UNIVERSITY PARK, Pa. — Childhood obesity rates have more than doubled in the last 30 years, with pre-adolescence emerging as a critical window for preventing excess weight gain. In a new Penn State project, researchers are investigating why some children are more prone to weight gain than others, by studying how children’s brains respond to food portion size.
According to Kathleen Keller, the Mark T. Greenberg Early Career Professor in the Department of Nutritional Sciences at Penn State and principal investigator on the project, dietary approaches to treating obesity lack long-term success. “Given the challenges of obesity treatment, preventing the disease before it develops is a public health priority,” she said.
Funded by the National Institutes of Health, the project will utilize functional magnetic resonance imaging (fMRI) to determine if brain responses to food cues can predict future obesity in children ages seven to eight. It will be the first study to use a "brain-as-predictor’’ framework to understand these mechanisms underlying eating choices.
It will also fill an important research gap, because middle-childhood is an understudied critical period. “Adolescence is considered a high-risk time for the development of obesity because children are going through physical, psychological and emotional changes while becoming more independent and making their own food choices. We want to find out what is going on in the brain before this growth period,” said Keller.
The research team will recruit 120 children, all who are at a current healthy weight but vary by family risk for obesity. “About half the children will be considered high risk for obesity in adulthood because their biological parents are obese, while the other half will be considered low risk because their parents are at a healthy weight,” Keller explained.
The children will undergo fMRI scans at Penn State’s Social, Life, and Engineering Sciences Imaging Center, to characterize brain regions that are activated in response to food portion size and calorie content, as well as other measures of overeating, such as snacking on palatable snacks when not hungry. The researchers will also conduct follow-up visits with the children one year after the project to measure body mass index and body composition to see if brain and behavioral responses to portion size can be used to predict the development of obesity.
“This study will help us understand the brain’s role in overeating and the development of obesity," said Keller. "In the future, we may be able to use this information to develop neurobiologically informed prevention or treatment programs.
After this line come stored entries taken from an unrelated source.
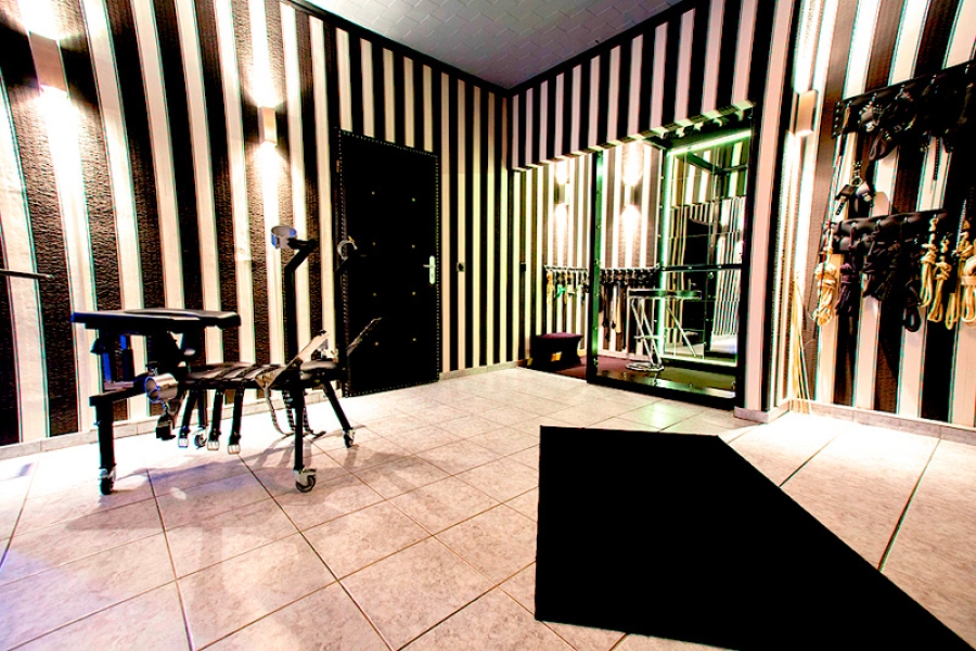Ein Flair aus Leder, Eleganz, mystischer Stimmung zeichnet unsere klassischen Studioräume aus. Die große Vielfalt von speziellen Stühlen zur Fesselung und Disziplinierung, Käfige, Bondagerahmen sowie viele weitere, äußerst zweckdienliche SM Möbel und Utensilien geben den Bizarrladies und Herrinnen des Hauses den Raum um ihre Neigungen und Gelüste von Macht und Ohnmacht zu zelebrieren.
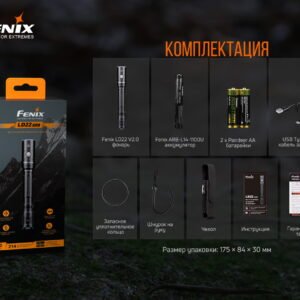 Ліхтар моделі Fenix LD22 V2.0, акумуляторна батарея Fenix ARB-L14-1100u, дві батарейки Pairdeer AA, кабель для зарядки USB Type-C, темляк, чохол, запасне кільце ущільнювача, керівництво до застосування, талон гарантії.
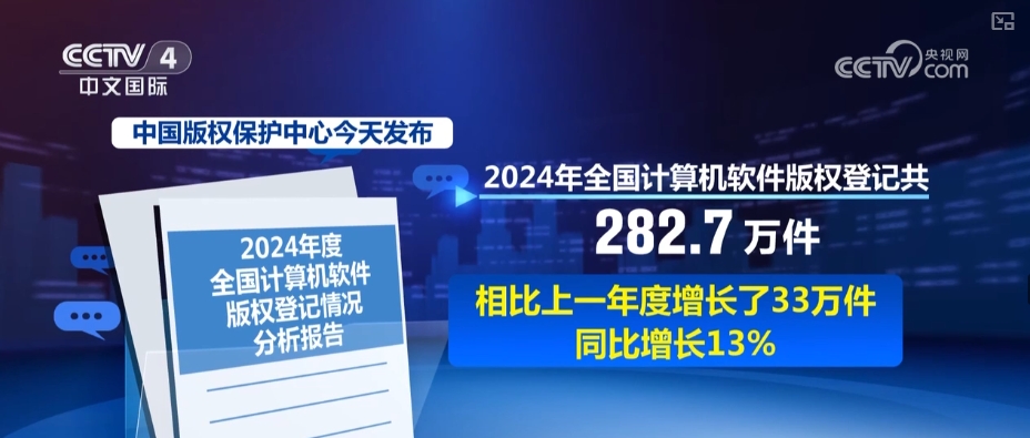 中国版权保护中心4月21日发布《2024年度全国计算机软件版权登记情况分析报告》。显示,2024年全国计算机软件版权登记共282.7万件,相比上一年度增长了33万件,同比增长13%,再创历史新高。

“We’re living in a world where ‘supersized’ portions are commonplace, so it is essential to develop novel and effective approaches to help children moderate their food intake in this environment.”
Other Penn State researchers on the project include Barbara Rolls, professor and Helen A. Guthrie Chair of Nutritional Sciences; Stephen Wilson, associate professor of psychology; Emma Rose, research associate and research assistant professor at the Edna Bennett Pierce Prevention Research Center; and Charles Geier, assistant professor of Human Development and Family Studies.
Seed funding for the project was provided by Penn State’s Social Science Research Institute.